Saturday was the grand opening and over 2,400 people came that day including some of the artists themselves. Eckhardt said the museum anticipates about 5,000 people to come before they take down the exhibit. The response from the community so far has been full of excitement and admiration for the kids creativity.

“You’ll see things that personally represent kids ideas and emotions, things that explore famous artists and art history,” said Eckhardt of the hundreds of paintings and drawings that hang on the walls. “Things that focus on technique and media. It runs the gamut.”

Eckhardt said the KIA has been doing this exhibit since the 1970s. In the fall of 2015, they reached out to each of the 60 schools in Kalamazoo County that has an arts program and requested the teachers submit artwork that best represents their school. This year, thousands of pieces of art are currently on display.

“I think it’s important to showcase for the community at large just how vibrant and exciting the arts education programs in our schools are,” said Eckhardt. “Often the art goes up in a school or comes home to a refrigerator but this is a chance for us to put it out there for everyone in the community to see and enjoy it.”

Eckhardt explained that the exhibit is also a way to show patrons the importance of arts education in schools. Whenever a school faces budgets cuts, arts programs are the first to go.

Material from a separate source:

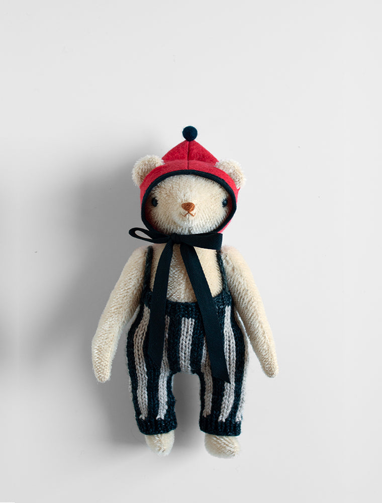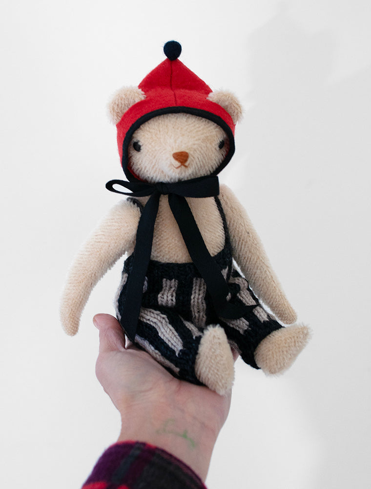 The quintessential bear in the most special outfit. There is so much time and care that goes into making each of these Classic Bears. Wrapping them in hand knit merino wool and a hand dyed wool Bonnet too, makes them just that much more special.

But she believes that art allows kids to develop in ways that subjects like math and science cannot.

“It’s a chance to work in an area where’s there's no “yes” or “no” answers,” said Eckhardt. “They have a problem to solve, usually when you’re creating a work of art, there’s many good solutions and it offers kids a chance to work on that creativity and problem-solving skills.”

Eckhardt said the exhibit was free for only the opening. There’s a small fee to pay when you get to the front door. And all of the money goes to the museum and arts education.

“How can you not love it?” said Eckhardt while smiling. “These are the artist of the future.”